Simulates the specific nucleotide change for a single mutation based on genomic context, handling both regular and recurrent mutations, as well as mutations in lost segments.

simulate_single_nt_change(
  single_mutation,
  seg_list,
  genome_sequence,
  nt_transition_matrix,
  recurrent = FALSE,
  original_nt = NA
)

Arguments

single_mutation

Data frame row containing information about a single mutation

seg_list

List structure containing segment information for genome regions

genome_sequence

List of DNA sequences representing the reference genome

nt_transition_matrix

Matrix specifying nucleotide transition probabilities

recurrent

Logical indicating whether this is a recurrent mutation (default: FALSE)

original_nt

Character specifying the original nucleotide for recurrent mutations (required when recurrent = TRUE, default: NA)

Value

The updated single_mutation row with additional fields:

  • seg_id: Segment identifier for the mutation

  • ref_pos: Reference position within the segment

  • original_nt: Original nucleotide at the mutation site

  • alternative_nt: Mutated nucleotide

  • processed: Set to TRUE indicating the mutation has been processed

Details

This function simulates nucleotide-level details for a single mutation by:

  1. Identifying the genomic segment containing the mutation

  2. Determining if the segment has been lost through deletion or other structural variants

  3. For mutations in lost segments:

    • Setting both original and alternative nucleotides to "N"

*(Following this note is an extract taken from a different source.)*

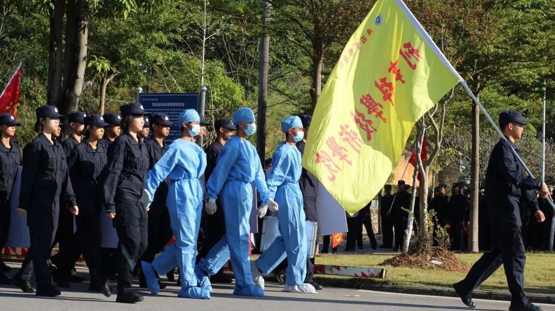 运动员们精神饱满、步伐整齐,活力无限,以精彩的特色表演彰显学院风采。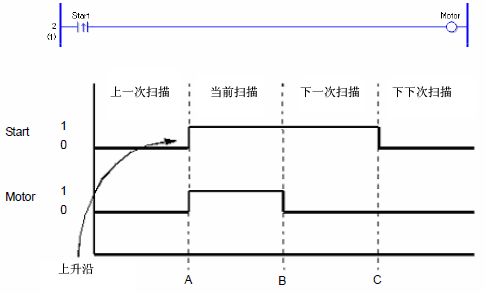 变量Motor保持OFF,因为未检测到变量Start的上升沿。

  4. For mutations in non-lost segments:

    • For regular mutations: Looking up the original nucleotide from the reference genome and sampling an alternative nucleotide based on the transition matrix

    • For recurrent mutations: Using the provided original nucleotide and sampling an alternative nucleotide based on the transition matrix

The function requires the helper function get_segment_info() to map the mutation coordinates to the appropriate genomic segment.